Reconfigurable Intelligent Surface-Assisted OFDM-IM for beyond 5G Mobile Networks: ML and LLR Detector Designs


Ceniklioglu B., DEVELİ İ., Canbilen A. E.

1st IEEE International Conference on Contemporary Computing and Communications, InC4 2023, Bangalore, India, 21 - 22 April 2023 identifier

  • Publication Type: Conference Paper / Full Text
  • Doi Number: 10.1109/inc457730.2023.10262978
  • City: Bangalore
  • Country: India
  • Keywords: index modulation (IM), log-likelihood ratio (LLR), maximum likelihood (ML), Orthogonal frequency division multiplexing (OFDM), reconfigurable intelligent surface (RIS)
  • Erciyes University Affiliated: Yes

Abstract

The several countries of the world is intensified their investigative on the fifth generation and beyond (5GB) communications in order to reach the new requirements for new wireless applications.
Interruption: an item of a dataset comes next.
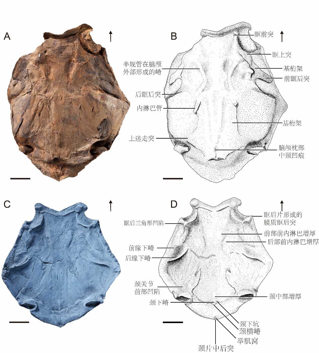 图1.巨扒皮鱼。A,正型标本 IVPP V6212 照片;B,正型标本素描;C,新标本IVPP V15043树脂翻模照片;D,新标本树脂翻模素描。比例尺长度3cm。
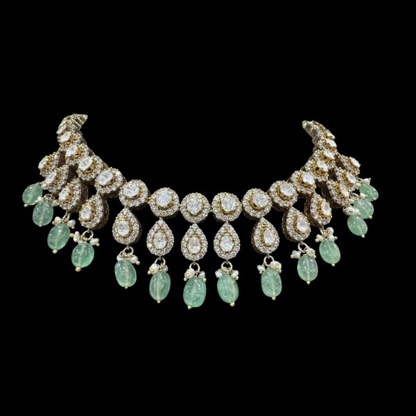 An opulent and regal traditional Indian necklace, handcrafted in an antique gold finish and studded with brilliant cubic zirconia stones, moissanite stones, delicate pearls and real emerald beads necklace and screw style earrings. The choker design features intricately framed segments of clear, uncut stones and a series of large, smooth, emerald green drops cascading from the base, accentuated with delicate pearls. This piece perfectly balances rustic, old-world charm with elegant sophistication.

In this context, orthogonal frequency division multiplexing with index modulation (OFDM-IM) concept is suggested as one of the ideal solutions in the literature. Additionally, reconfigurable intelligent surfaces (RISs) can be occupied to enahance the quality of service (QoS). Considering that, the performance of RIS-assisted OFDM-IM system is examined by applying maximum likelihood (ML) and log-likelihood ratio (LLR) detectors in this paper. It is observed from the provided computer simulation results that integrating an RIS consisting of many low-cost and passive elements, into OFDM-IM systems considerably increase the overall system performance.